Proteases are a large family of enzymes involved in many important biological processes. Quantitative detection of the activity profile of specific target proteases is in high demand for the diagnosis and treatment monitoring of diseases such as cancers. The overexpression and enhanced activity of proteases were found to correlate well with cancer development. Protease inhibitors are also a class of major anti-cancer drug candidates. However, due to the presence of a large number (over 600) of proteases in human body, their complex interactions with each other, and large influence by the surrounding factors (such as buffer composition, pH value and temperature), it is challenging to accurately detect the activity of specific proteases in complex media. It is even more difficult to measure the activity profiles of a large set of proteases that are relevant to cancers. Here we summarize our studies on the development of a multiplex electrode array biosensor platform toward cancer diagnosis based on rapid profiling of multiple protease activities. Both nano- and micro-electrode arrays have been demonstrated for electrochemical detection of protease activities. The individually addressed 3x3 gold thin-film microelectrode array is particularly attractive for rapid profiling of multiple protease activities.
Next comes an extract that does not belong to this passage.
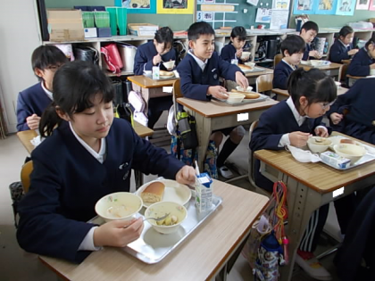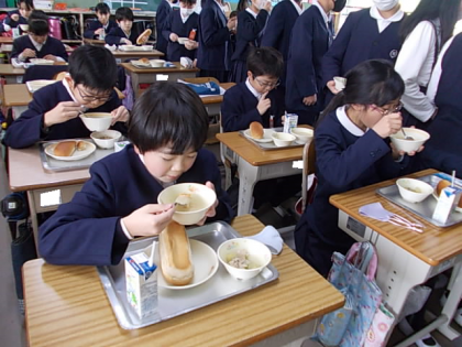 給食の時間が始まりました。今日もおいしくいただきましょう♪
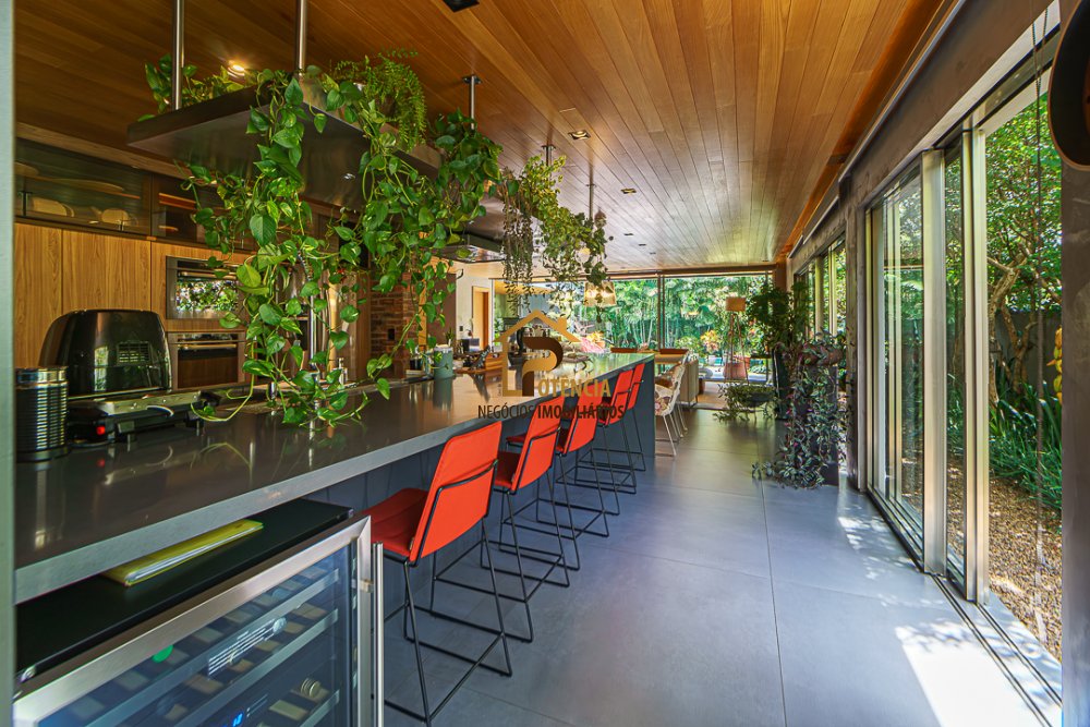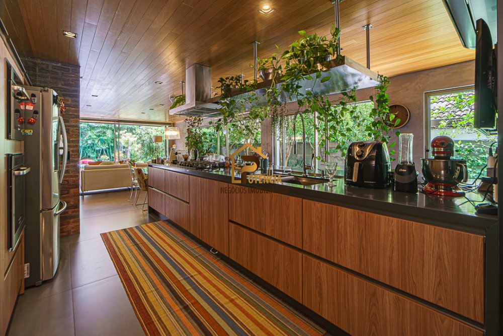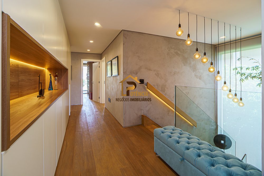 Linda casa mobiliada, sistema fotovoltaico (energia), toda marcenaria Kitchens, semi automatizada com acionamento por Alexa, amplos ambientes integrados, suítes avarandadas, 02 cozinhas completas e equipadas, lazer com espaço gourmet, sauna, área da piscina ensolarada rodeada de um lindo jardim.

The general sensor scheme involves attaching short peptides with specific sequences of 4 to 8 amino acids on the electrode surface of the electrochemical sensor chip, which serve as the substrates for selective proteolysis by the cognate proteases. The far end is covalently attached with a ferrocene (Fc) group as the redox tag for electrochemical measurements. The quantity of the intact peptides on the electrode surface is measured with an AC voltammetry (ACV) method, which is proportional to the peak current at the specific electrode potential when Fc oxidation is oxidized into ferrocenium (Fc⁺). As the peptide is cleaved by the cognate protease, the peak current decreases continuously in the continuously repeated ACV curves. The recorded kinetic proteolytic curve can be quantitatively described by the heterogeneous Michaelis-Menten model following an exponential decay. The inverse of exponential decay time constant, i.e., 1/τ, is found to represent the protease activity which equals to [E](k_cat/K_M), where [E] is the protease concentration and k_cat/K_M is the specificity constant defined by the kinetic proteolytic reaction constant k_cat and the Michaelis equilibrium constant K_M. The k_cat/K_M values have been investigated versus the substrate peptide sequence and length, temperature, and buffer composition to optimize the detection for activity of cathepsin B, a potential cancer biomarker. The limit of detection (LOD) for activated cathepsin B can reach down to 0.57 pM, sufficient to directly detect cathepsin B in diluted human serum.

This electrochemical method has been compared and validated with the commonly used affinity assay, i.e., enzyme-linked immunosorbent assay (ELISA). The ELISA measurements were found to be more sensitive to the concentration of proenzyme (zymogen), while the electrochemical method detects the activity of the proteases which reflects the intrinsic biological function. This provides more critical information than the concentration derived from ELISA.

Currently, two sets of peptides have been synthesized which are selective for detection of cathepsin B and ADAM-17, respectively. They are functionalized to the 3x3 gold thin-film microelectrode array and used to simultaneously detect these two types of proteases in serum samples from breast cancer patients at different stages. The activity profiles will be correlated to the cancer development.